In 1913, after the Committee of Union and Progress and the assassination of Mahmud Shevket Pasha, the party was closed down and Hilmi was exiled to Sinop Fortress Prison.

=== Ottoman Socialist Party in Paris Branch ===
The Paris branch of the OSF was founded by Doctor Refik Nevzat in the 1910s. After the closing of the party in Istanbul and the exiling of Hilmi, Refik Nevzat became the only representative of the party. He published three brochures for OSF named Siyaset-i Hazıra-i Meş'ume (Current Sinister Politics), Sosyalizm ve Rehber-i Amele (Socialism and Vanguard Workers) and Haraç Mezat Satıyoruz (Auctions Sell Tribute).

== Socialist Party of Turkey ==
After the Armistice of Mudros (Mondros Mütakeresi) Hüseyin Hilmi returned to Istanbul.
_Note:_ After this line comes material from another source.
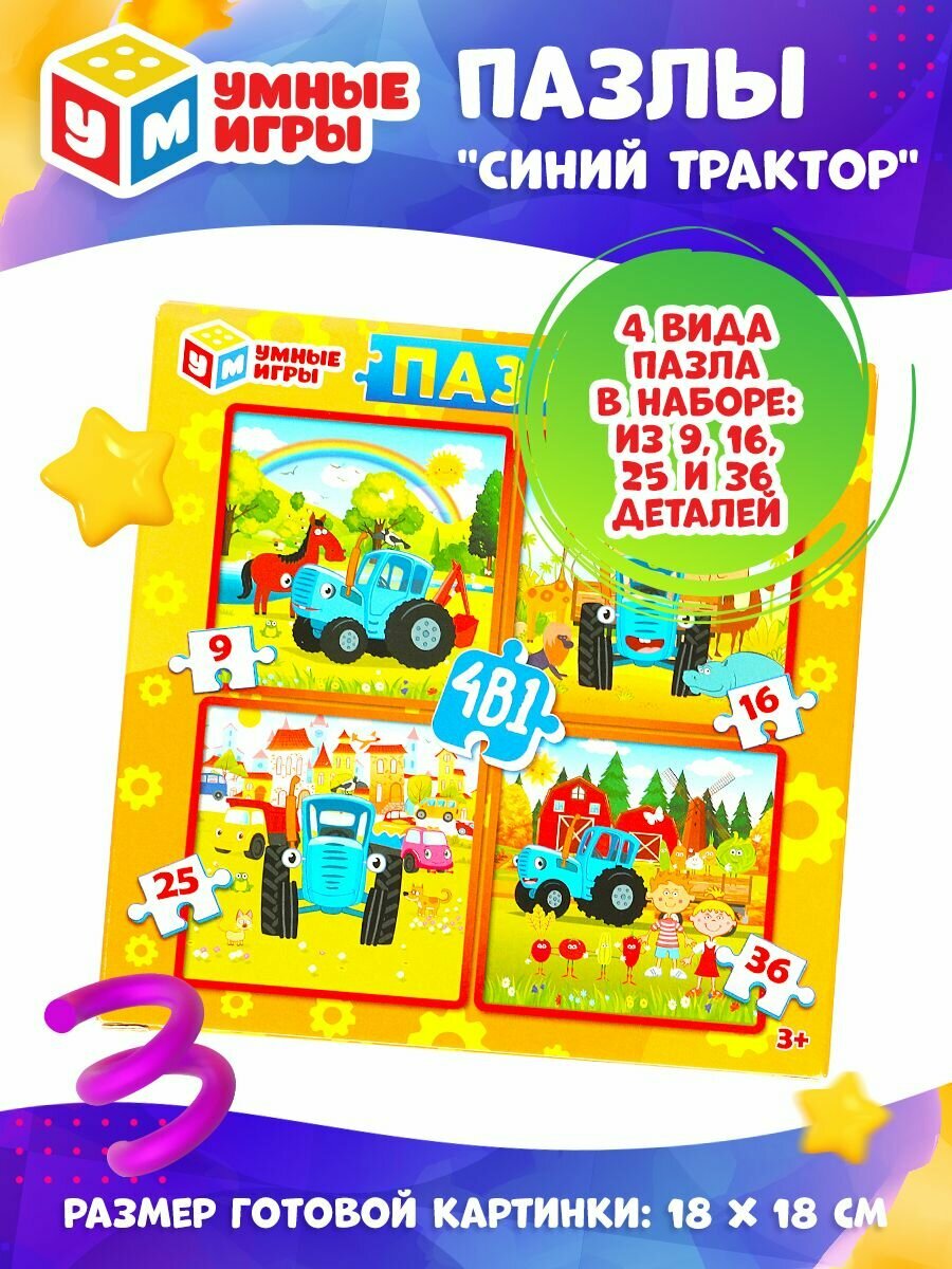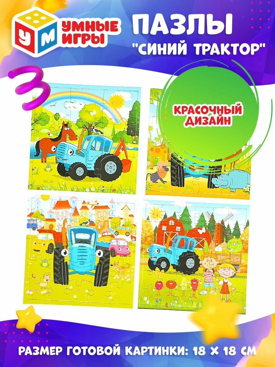 Пазлы для детей набор пазлов Умные игры Синий трактор 4 шт

On 20 February 1325 (1919), the Socialist Party of Turkey (Türkiye Sosyalist Fırkası, TSF) was founded by Hüseyin Hilmi and another 13 persons. Compared to the Ottoman Socialist Party, the Socialist Party of Turkey was positioned more to the left. Also TSF was a member of the Second International. The Party published the newspaper İdrak.

=== Strikes and TSF ===
In Istanbul, in 1920, the Ottoman worker class launched several strikes for occupation of the country, poor wages, and other reasons. In this atmosphere, TSF became popular among Istanbul workers. According to Yılmaz, Hilmi "gained renown for his leadership during significant labor strikes, including those involving tanners, dockworkers, and tramway employees."

== Second Congress and dissolution ==
On 31 October 1920 Party prepared a second congress. In this congress Hüseyin Hilmi became founder and unchangeable leader. With this, the opposition tried to exile Hilmi and friends. But Hilmi and Hilmi's friends survived this opposition. With this, the opposition split from the party and founded the Independent Socialist Party. After the split, the party lost power.

== Third Congress and exiling of Hilmi ==
On 8 March 1922, the party prepared a third congress. In this congress, Hilmi and supporters were exiled from the party. The party was democratic again but it did not have any effect on the outcome. The party was dissolved.

== Death ==
On 16 November 1922, Hüseyin Hilmi was assassinated by a police officer named Ali Haydar. At first, Ali Haydar said Hilmi was trying to rape him so then he killed him. But he changed his statement afterwards and said Hilmi was killed by unknown men.